Georgia does what she’s always done: she returns to the family vineyard, expecting the comfort of her long-married parents, and her brothers, and everything familiar. But it turns out her fiancĂ© is not the only one who’s been keeping secrets…

Bestselling author Laura Dave has been dubbed “a wry observer of modern love” (USA TODAY), a “decadent storyteller” (Marie Claire), and “compulsively readable” (Woman’s Day). Set in the lush backdrop of Sonoma’s wine country, Eight Hundred Grapes is a heartbreaking, funny, and deeply evocative novel about love, marriage, family, wine, and the treacherous terrain in which they all intersect.


What I Say....I received this book from the Booksparks Summer Reading Challenge, and it was the perfect summer kickoff book.

I read it in two days floating around the pool.  My favorite way to pass the lazy summer days.

Georgia is getting her final wedding dress fitting when she spots something that will change her life (no spoilers here).  She takes off for her family vineyard, wanting to find some refuge in her childhood home, and walks straight into another visual shock.

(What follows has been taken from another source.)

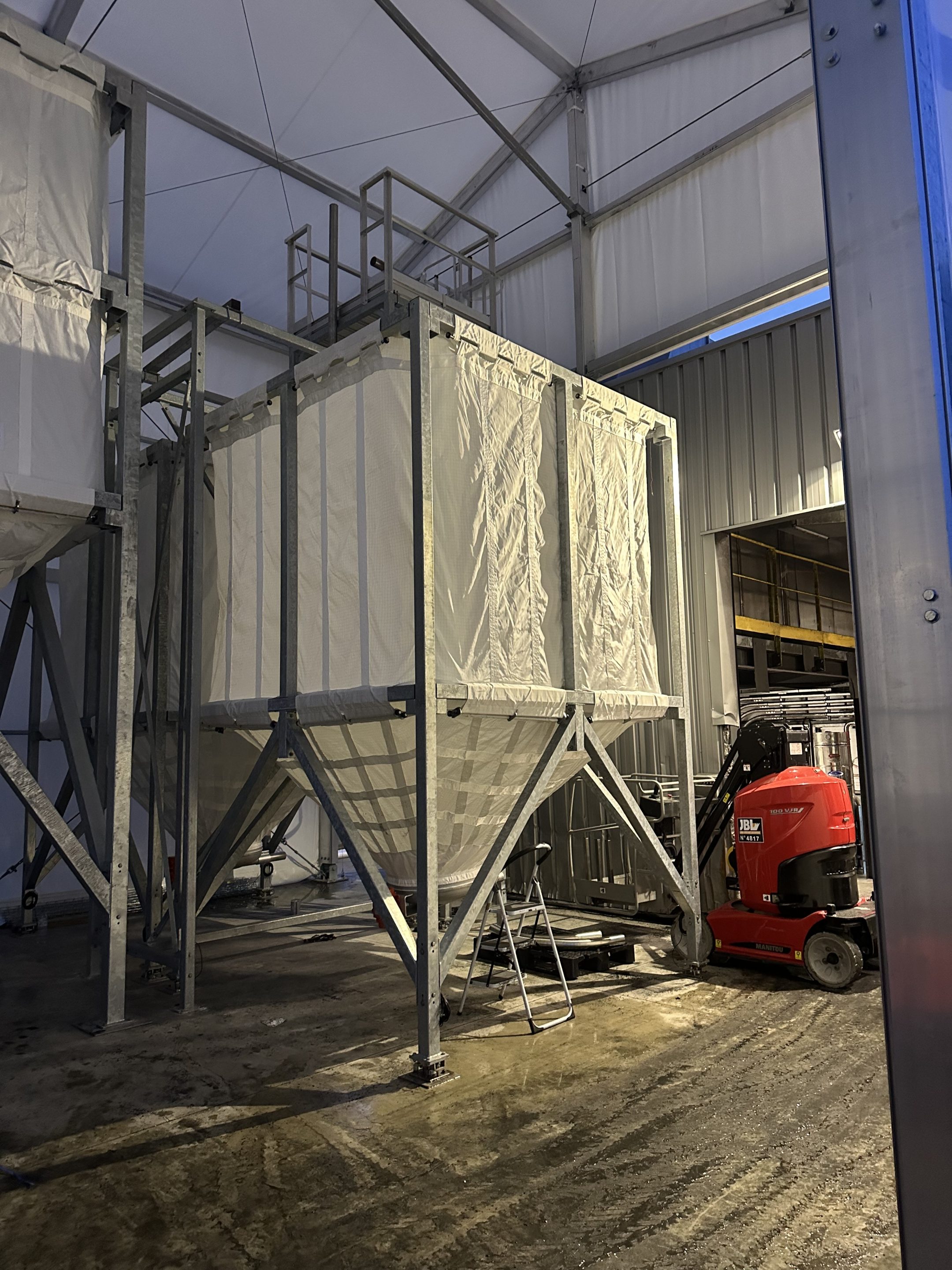 Our client chose to expand its infrastructure by adding an industrial marquee to house all of the storage silos. Among these installations, a 61 m³ flexible silo was specially designed to perfectly match the factory’s production capacity.

The next day, she finds that pretty much everyone in her family is undergoing some type of romantic drama.  She spends the next few days trying to help everyone around her, including herself.

The dialogue is well-written, the location is beautiful, and the characters were all believable and well-written.  This isn't a compliment I give lightly, because hokey dialogue is my worst thing.  A book that makes me put down my phone and read it straight through in under two days is my best thing.

I could easily see this being made into a movie, similar to Troppers' "This is Where I Leave You", hopefully, without the awful miscasting (I'm looking at you, Tina Fey).